Because our meetings are held at dinnertime (6:30pm) and many of our members are coming straight from work, we eat together as a group. Lately we've been doing potluck style meals where the hostess prepares some main dish (usually soup or something similar) and we each bring a small dish to pass for sharing.  The meals are always WLS friendly and recipes are shared. We've also done "brown bag dinner" where we each bring our own meal and eat together at the meeting and for a while we were meeting at local restaurants for our meetings. Some have criticized us for this concept of eating at a weight loss surgery meeting. But, we have to eat right?  I would rather eat a healthy WLS-friendly potluck meal than stop at fast food on the way to the meeting for something far less healthy.  We all have to learn how to make good food choices no matter what the situation - so why not learn to make those good choices at a potluck filled with all good choices?

I also work hard to create a supportive environment outside our monthly gathering.  This year we are doing a series of 5k races together.
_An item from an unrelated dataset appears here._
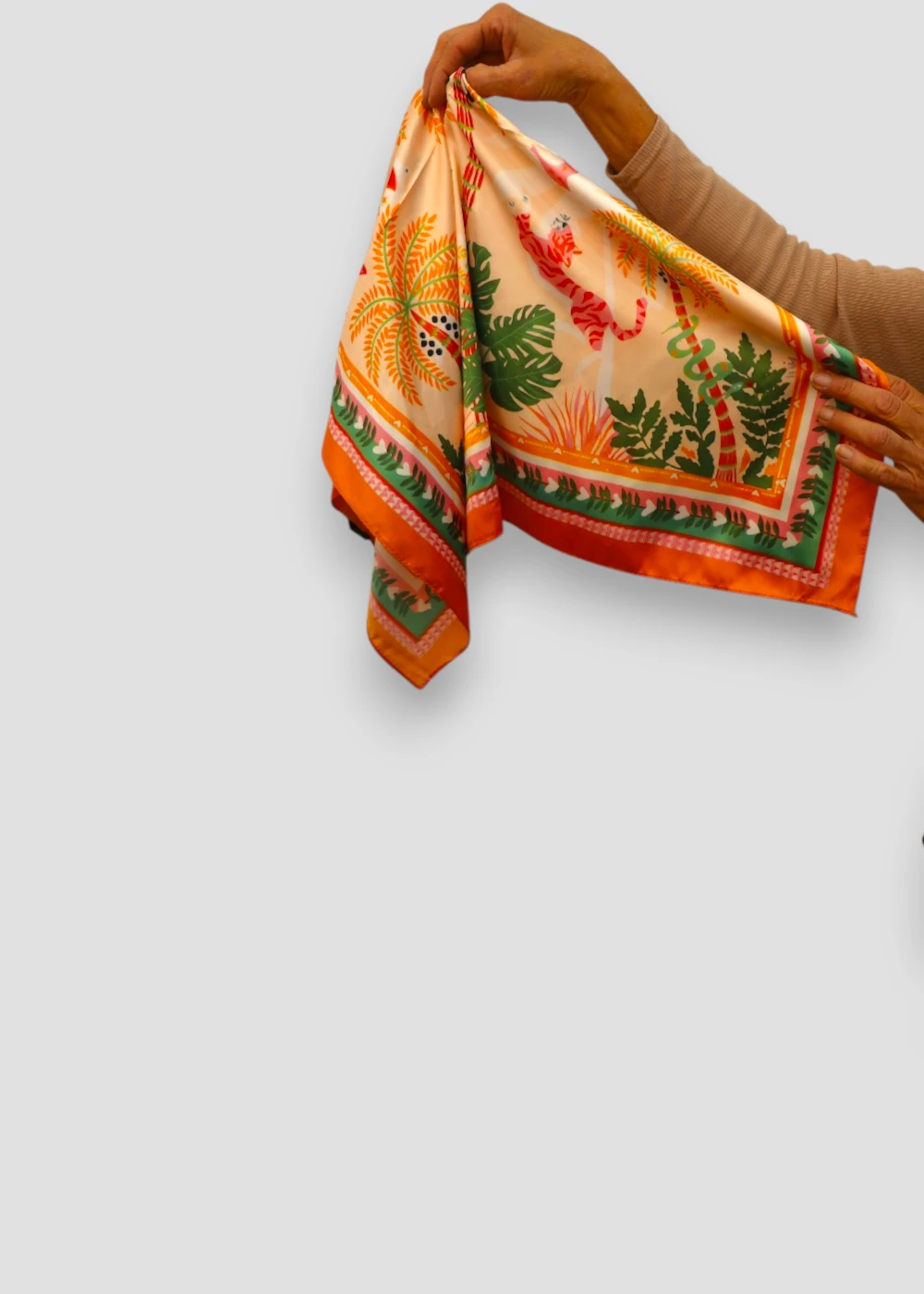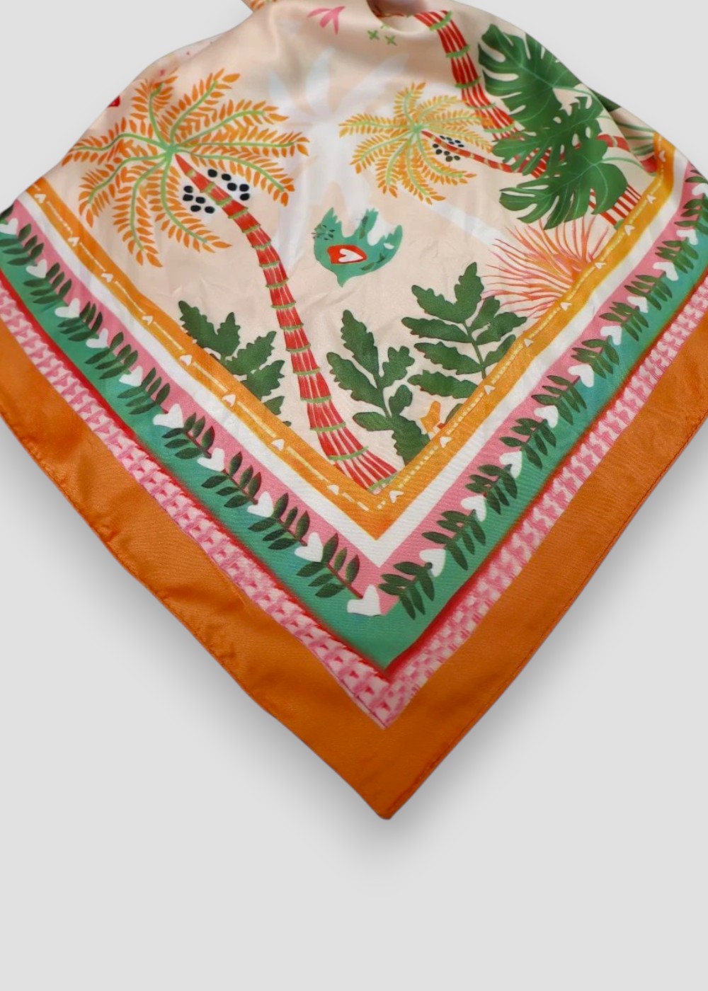 Pañuelo ligero con estampado tropical de palmeras y borde naranja, vibrante y versátil. Ideal para dar color y estilo a cualquier look.

The first one was a couple weeks ago and our last one is scheduled for November.  We've also done a couple Field Trips together to Goodwill and converted a couple summer meetings into pool parties at a member's house with a pool. If you live in the Bay City - Saginaw - Midland, Michigan area - send me an email for details about an upcoming meeting.
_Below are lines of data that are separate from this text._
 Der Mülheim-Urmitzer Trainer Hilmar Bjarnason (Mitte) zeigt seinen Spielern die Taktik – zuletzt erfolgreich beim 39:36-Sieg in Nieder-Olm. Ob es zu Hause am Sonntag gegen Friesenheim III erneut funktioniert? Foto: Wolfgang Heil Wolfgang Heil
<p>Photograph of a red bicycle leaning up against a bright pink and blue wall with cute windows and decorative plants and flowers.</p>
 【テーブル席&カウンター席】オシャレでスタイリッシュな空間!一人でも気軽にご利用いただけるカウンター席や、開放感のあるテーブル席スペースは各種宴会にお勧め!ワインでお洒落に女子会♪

THE GOOD -- the friendships created in this group are so important to me and I've heard others say the same thing. By making this group about more than just the monthly meeting, I think we are truly a support system for each other all the time.
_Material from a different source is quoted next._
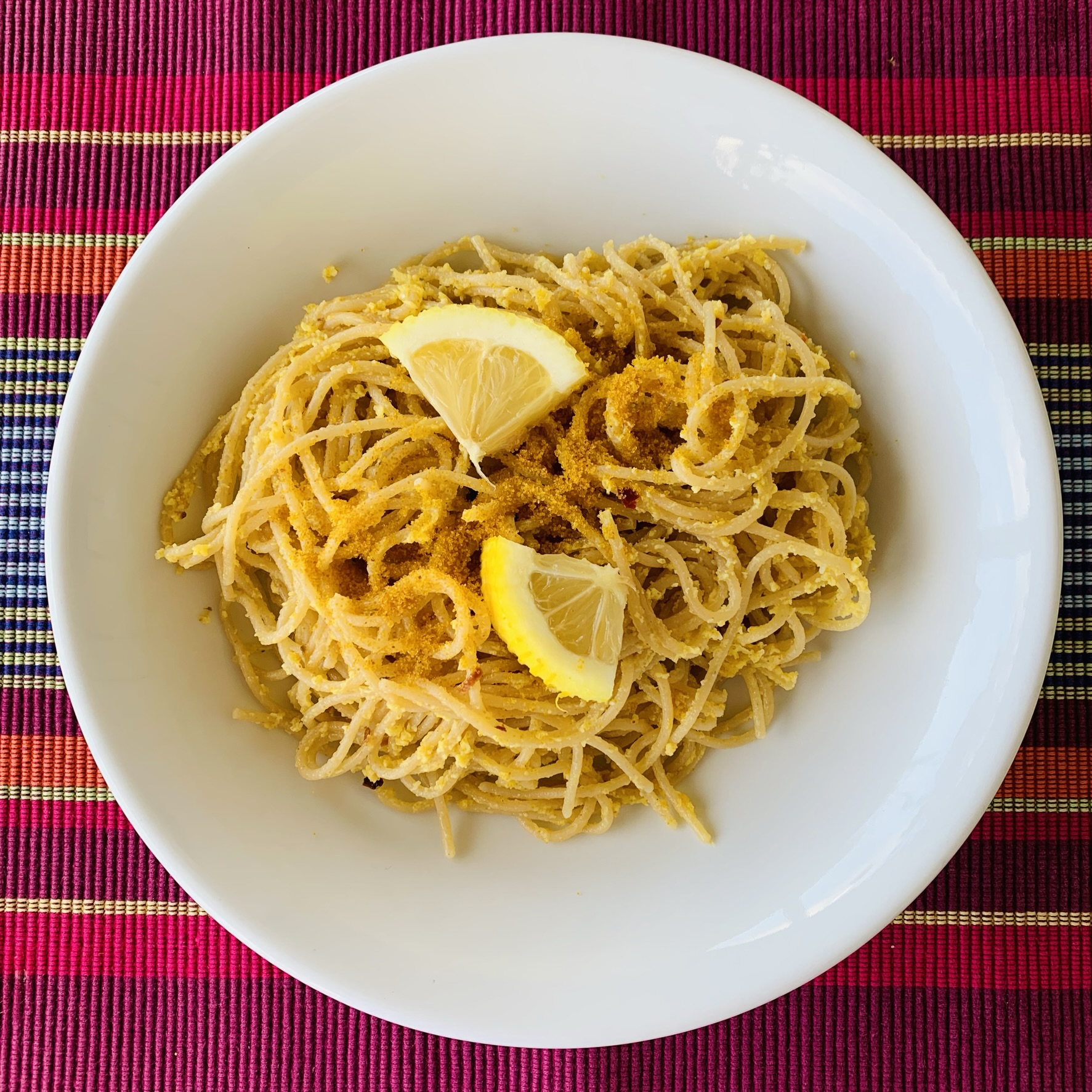 Dazu gibt es dann noch einige Adressen und Tipps am Ende sowie ein umfangreiches Register. Die im Buch befindlichen Rezepte sind breitgefächert und reichen von einfachen Bauerngerichten (wie einer schönen Ribollita) bis hin zur allseits beliebten Torta della Nonna. Das erste von uns ausprobierte Gericht war ein wundervolles einfach gehaltenes Pastagericht: Spaghetti con Bottarga di Orbetello, Limone e Uova (Spaghetti mit Meeräschenrogen, Zitrone und gestockten Eiern), quasi eine fischige Variante des Klassikers „Carbonara“.

THE BAD -- we're growing. Ok, this is good. But the bad part is that we're out-growing our members' living rooms and we can't seem to find a free public meeting room that will accommodate us in the evenings. (Lots of daytime places, nothing in the evenings that I've been able to find.) The other downside of growing too large is that we lose the intimacy we've had for the past couple years. So it's something we'll need to work on and find a way to still connect on a person-to-person level to keep that small group feel while still supporting as many people as we can.


Start your own WLS Support Group

If you live in an area with no support groups - start your own!  It's easy. Find two or three other WLS patients who want to form a group, set a date and get together.  You can meet for coffee or at someone's house or at the local library or bookstore. Decide as a group which day of the month works best for regular meetings. Then just keep meeting.  Support each other throughout the month with phone calls or emails.  Invite other WLS patients to join the meetings.  You will need one person who is "in charge" - who will handle the logistics of making sure the monthly meetings are set up and everyone knows the details of the meeting time and place. But that same person doesn't need to be the "leader" of the group necessarily. If you want a topic or lesson each month, it can be the same person each month or it can rotate around to each member.  The design and mission is yours to decide. And as more people learn about your group, the more members you'll attract. And the more friends you'll make!